# Oil change in France



## travelmike (Jun 7, 2010)

hi all, i am in a bit of a pickle!!!! im in the french alps, les contamines near st gervais and i need to get an oil change to maintain warrenty, i cant do it myself due to me needing the paperwork to send to the dealer, if anyone knows a garage fairly close that is big enough to take a 3.5t motorhome, please let me know!!!

thanks in advance


----------



## teemyob (Nov 22, 2005)

what post code area are you in?


----------



## kaori (Nov 12, 2010)

*oil change needed*

Your post code is 74170 for les contamines and there is a garage on 476 Route Notre dam du Gorge its a Renault garage but they may be able to help you in the right direction.

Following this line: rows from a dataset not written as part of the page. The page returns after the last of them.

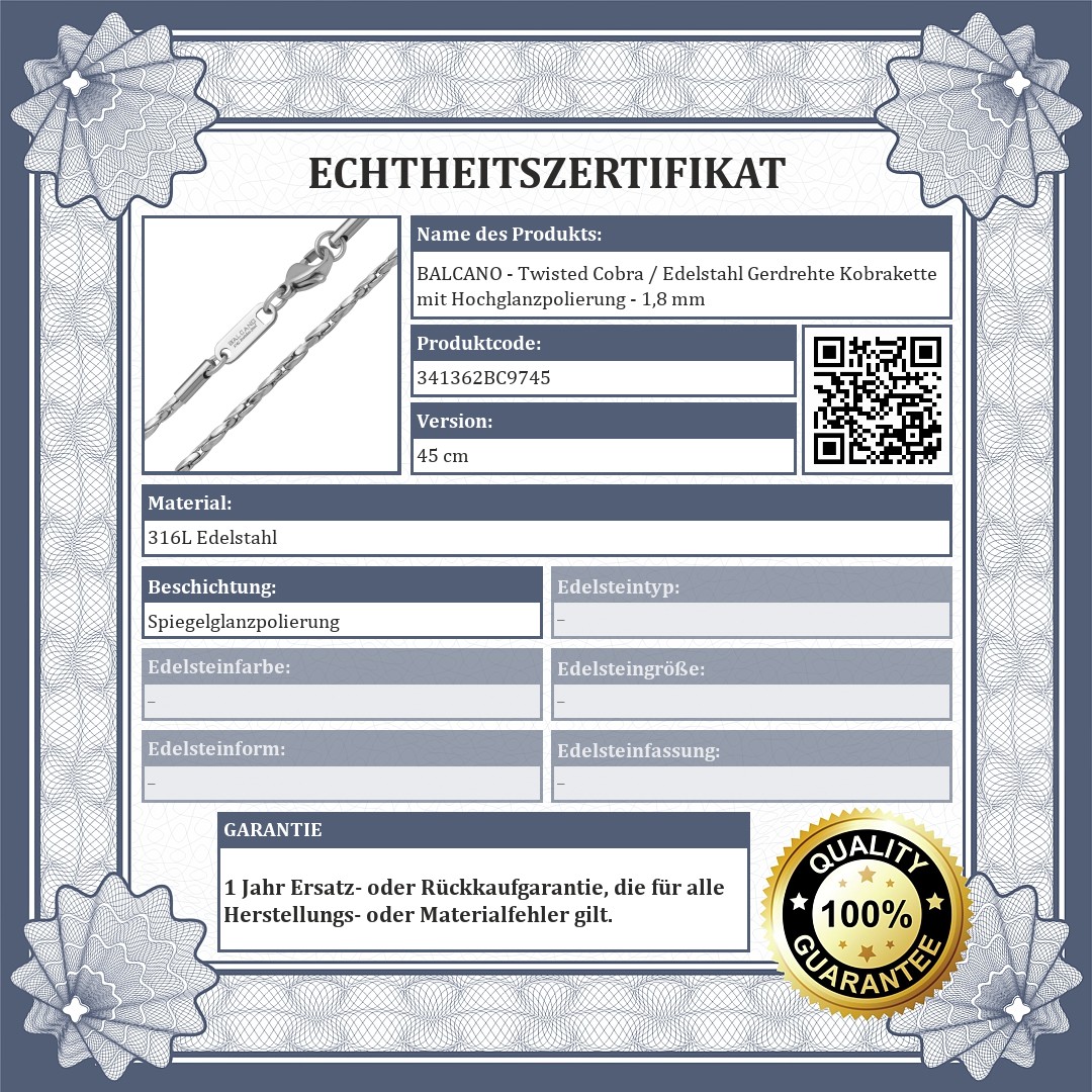 BALCANO - Twisted Cobra / Edelstahl Gerdrehte Kobrakette mit Hochglanzpolierung - 1,8 mm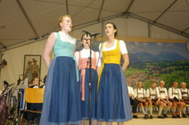 Auch die lange Tradition von Musik und Gesang in Reit im Winkl wurde an diesem Festabend ebenfalls eindrucksvoll dargestellt. Die Musikkapelle unter der Leitung von Sebastian Krause begleitete die Trachtler exakt bei ihren Auftritten und gefiel mit schönen Blasmusikweisen. Frisch und unbekümmert spielte mit Ziach, Hackbrett, Gitarre und Kontrabass die Wetterkreuzmusi auf. Althergebrachte Volkslieder sangen mit geübten Stimmen der Frauendreigesang Dreifarbig und der Männergesangverein Reit im Winkl.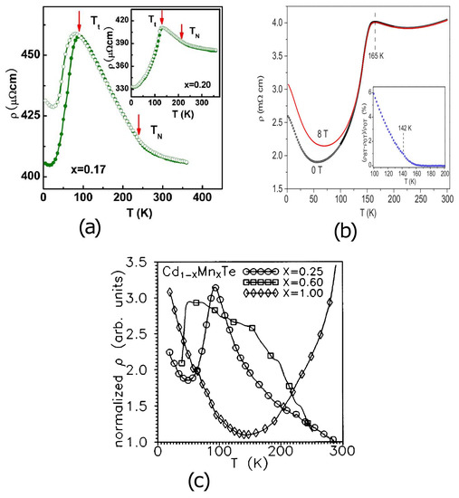 - Haas, C. Spin-Disorder Scattering and Magnetoresistance of Magnetic Semiconductors. Phys. Rev. 1968, 168, 531. [Google Scholar] [CrossRef]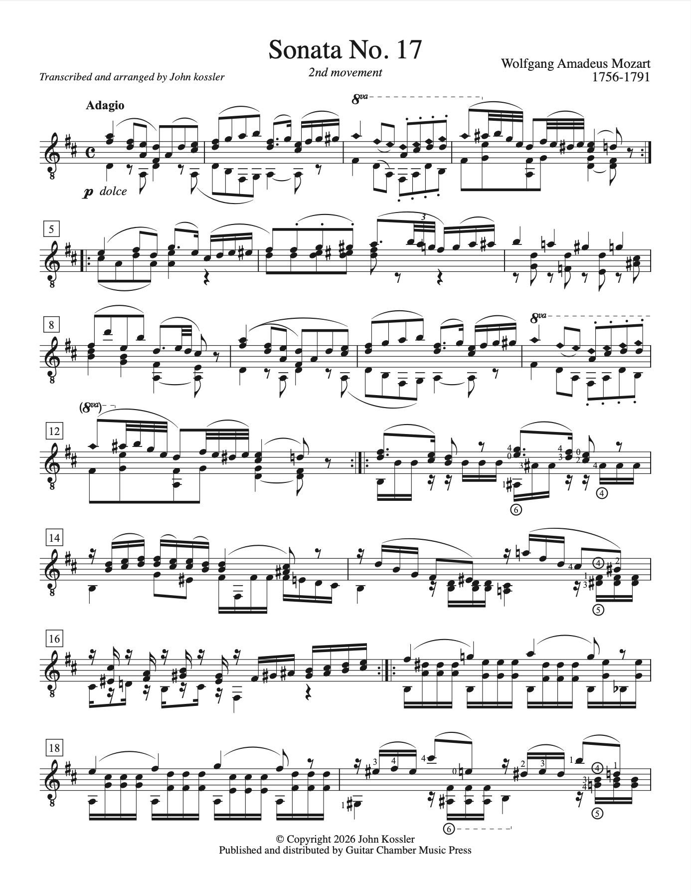 Wolfgang Amadeus Mozart’s Piano Sonata No. 17 in Bâ™ major, K. 570, dated February 1789, is a sonata in three movements. The work is part of a commission by the court of Frederick William II of Prussia for six piano sonatas for Princess Frederica. This arrangement of the second movement has been transposed to the key of D Major.

I live in FRance and just had a quick look
good luck


----------



## travelmike (Jun 7, 2010)

thank you but i have tried there, all garages i have tried are not big enough to take a motorhome!!! where do you live in france?

thanks

mike


----------



## trek (May 1, 2005)

I seem to remember that Fiat supply a European wide guide to their dealers ? do you have that with you ? have you had a look in there - it usually includes a map with the locations onit 

If you can't find a FIAT dealer look out for an IVECO dealer they will be able to fit you in & often work longer hours to cater for servicing lorries out of hours


----------



## trek (May 1, 2005)

have you tried this Fiat Professional help line 

CIAO FIAT is the new single freephone number for customers and prospective
customers – 00800 3428 0000. CIAO FIAT provides you with access to all our
products and services in the UK and can be used even when you are abroad
(the number can be called from most countries in Europe). The call is free from
land lines in the UK and all Europe (except Switzerland). Mobile network charges
may vary depending on whom your contract is with.


----------



## trek (May 1, 2005)

Fiat dealers in :-

Sallanches

GARAGE SAINT-MARTIN 
135 ROUTE DE PASSY 
74700 
SALLANCHES 
04 50584188 
04 50584321 
[email protected]

Cluses

ARVE AUTOMOBILES 
2435 AVENUE DES VALLEES B.P 28 
74311 
THYEZ CEDEX 
04 50340850 
04 50340831 
[email protected]

Annecy

P.N.A. 
1 AVENUE DU PONT NEUF 
74000 
ANNECY 
04 50514030 
04 50527614 
[email protected]

Albertville

J.L.D. AUTOMOBILES 
RUE DU LIEUTENANT EYSSERIC B.P. 222 
73277 
ALBERTVILLE CEDEX 
04 79320682 
04 79377089 
[email protected]


----------



## travelmike (Jun 7, 2010)

thanks everyone and sorry for late reply, i have limited internet access. that is great info though wish i new before as i just went to annacy for a day trip lol

thanks again everyone


----------